Putting digital content into an institutional repository enables institutions to manage and preserve it, and therefore derive maximum value from it. A repository can support research, teaching, learning, and administrative processes. Although many institutional repositories are primarily established for the benefit of the organisation and its users, there is an increasing movement towards 'open access' to the wider community, sometimes in a global sense. The JISC/HE Academy UKOER (Open Educational Resources) Pilot Programme included several projects that utilised institutional repositories to make their learning and teaching materials openly available. Issues around this are discussed in the OER infokit which also includes links to the outputs of these projects.
Digital repositories may include a wide range of content for a variety of purposes and users. What goes into a repository is currently less an issue of technological or software ability, and more a policy decision made by each institution or administrator. Institutional repositories are often referred to in strategy and policy documents as they can support key institutional aims and objectives. Typically content can include research outputs such as journal articles or research data, e-theses, learning and teaching materials, and administrative data. Some repositories only store particular items (such as theses or journal papers), whilst others seek to gather any credible scholarly work produced by the institution; limited only by each author's retained rights from publishers. However, some more complex objects such as websites, content-packaged learning objects, 3D topographical representations and other data sets may present technological and management challenges.
One of the advantages of a repository is that each piece of content can be described in some detail via the input of associated 'metadata'. This acts much like a catalogue record in a library management system and allows searching across items within the repository.
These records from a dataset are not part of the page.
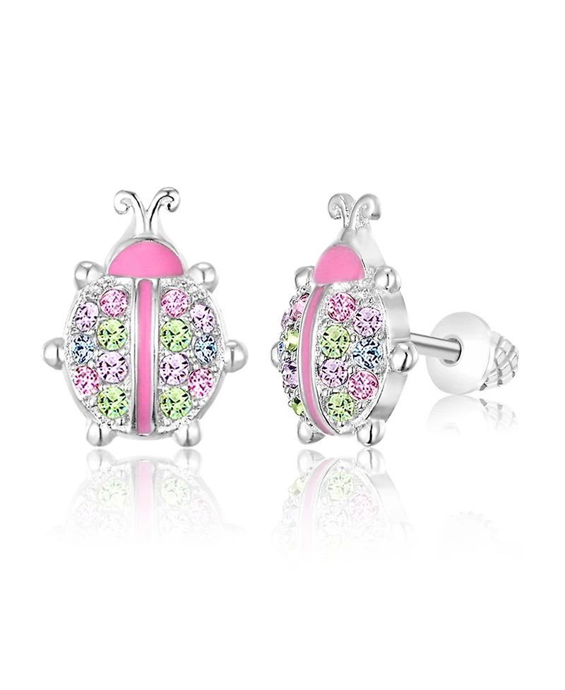 Chanteur/Girl/Ladybug Crystal White Gold Palladium Plating Screwstud Earring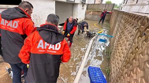 bodrumlardaki suların boşaltılma çalışmaları, Kastamonu AFAD ekiplerinin de desteğiyle sürdürülüyor.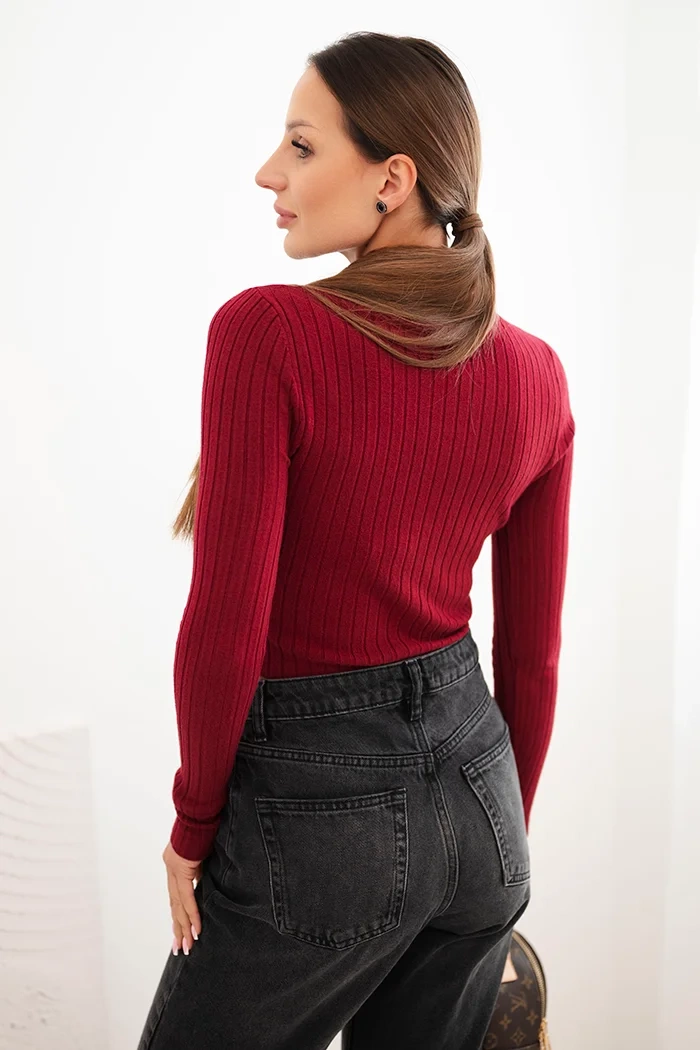 Bluzka damska prążkowana z golfem bordowa Stylowa bluzka damska o prążkowanej strukturze to idealna propozycja dla kobiet ceniących minimalizm i wygodę. Model z długim rękawem i stójką świetnie sprawdzi się jako baza pod marynarkę, kardigan lub solo do jeansów i spódnicy. Krótszy fason pięknie podkreśla talię i sprawia, że sylwetka nabiera lekkości.
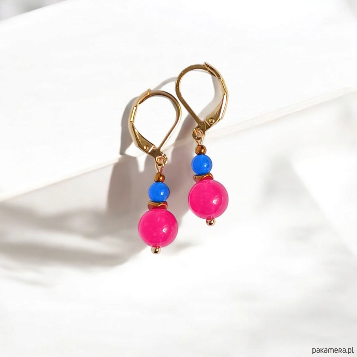 Kolorowe i niepoważne kolczyki wykonane z jadeitu w soczystych kolorach (8 i 4mm) -koralowy róż + niebieski- oraz przekładek ze złotego hematytu.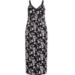 Women’s Plus Size Lace Trim Mono Floral Maxi Sleep Dress – Black | AVENUE

If the repository has implemented an appropriate metadata exposure method (such as Open Archives Initiative Protocol for Metadata Harvesting and/or RSS) the metadata can then be harvested by external services and exposed to the wider world. Repositories use open standards to ensure that the content they contain can be searched and retrieved for later use. The use of these agreed international standards allows mechanisms to be set up which import, export, identify, store and retrieve the digital content within the repository.